Saligia. Noctes Petropolitanae | страница 51
Понятно восхищение Божьей мудростью; и легко любить лес и птичек лесных, всякую букашку, муравья и «пчелу золотую», «природу прекрасную и безгрешную». Можно простить Федора Павловича, поняв свою вину перед ним. Но трудно все полюбить в нем, а без любви ко всему, даже к насекомому, нет и полного приятия мира. Старец знает, в чем проклятие мира. – Оно в «уединении» всякого, т. е. в разъединенности, в распаде – в зависти и ненависти. «Всякий-то теперь, – говорил Зосиме его таинственный друг, – стремится отдалить свое лицо наиболее, хочет испытать в себе самом полноту жизни, а между тем выходит из всех его усилий, вместо полноты жизни, лишь полное самоубийство, ибо, вместо полноты определения существа своего, впадают в совершенное уединение. Ибо все-то в наш век разделились на единицы, всякий уединяется в свою нору, всякий от другого отдаляется, прячется и что имеет прячет, и кончает тем, что сам от людей отталкивается, и сам людей от себя отталкивает». Этому разъединению противостоит умиляющее единство Любви, «деятельной и живой». – «Землю целуй и неустанно, ненасытимо люби, всех люби, ищи восторга и исступления сего. Омочи землю слезами радости твоея и люби сии слезы твои. Исступления же сего не стыдись, дорожи им, ибо есть дар Божий, великий, да и не многим дается, а избранным».

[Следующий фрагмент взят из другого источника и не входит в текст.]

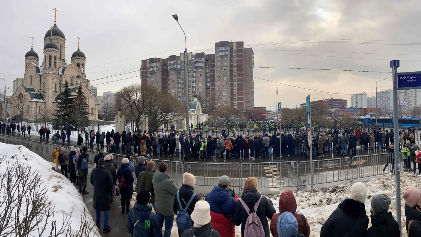 С самого утра у храма «Утоли моя печали» в Марьино, где проходило отпевание, дежурили десятки машин полиции, глушили связь, были установлены металлоискатели и железные ограждения. Тысячи людей, пришедших проститься с Навальным, попасть в храм не смогли.

В упоении своею вселенскою любовью старец доходит до порога стоящей перед ним тайны. Он зовет любить человека и во грехе, «ибо сие уж подобие Божеской любви и есть верх любви на земле». Он исполнен «сокровенным ощущением живой связи нашей с миром иным, с миром горним и высшим», и знает: «корни наших мыслей и чувств не здесь, а в мирах иных». Остается сделать один только шаг; но его ни Зосима, ни Федор Михайлович сделать не решаются. Человека, говорят они, надо любить во грехе, но греховное о нем – нацело отсечь, как злое бытие, победить зло силою смиренной любви. Признаются лишь « корни наших мыслей и чувств», не цветение их; а мир святых человеков остается отъединенным от мира животного, душа – от тела. Истинный и единственный путь к жизни и любви в иночестве, отсекающем «потребности лишние и ненужные», гордую волю. Не к преображению мира, не к пронизанию его до самых последних глубин, зовет старец, а к царству грядущему, к отказу от «лишнего и ненужного». Точно есть что-нибудь ненужное и лишнее в Божьем мире! Любовь Зосимы не оправдывает всего мира, не оправдывает Карамазова. Она – высший из видов Любви на земле, но только одно из ее проявлений, не сама Всеединая. Она тоже отъединена, и потому обречена на умирание. В ней нет героизма и полноты напряжения, той жизни, которая неудержимо и бурно являет нам творчество Божье.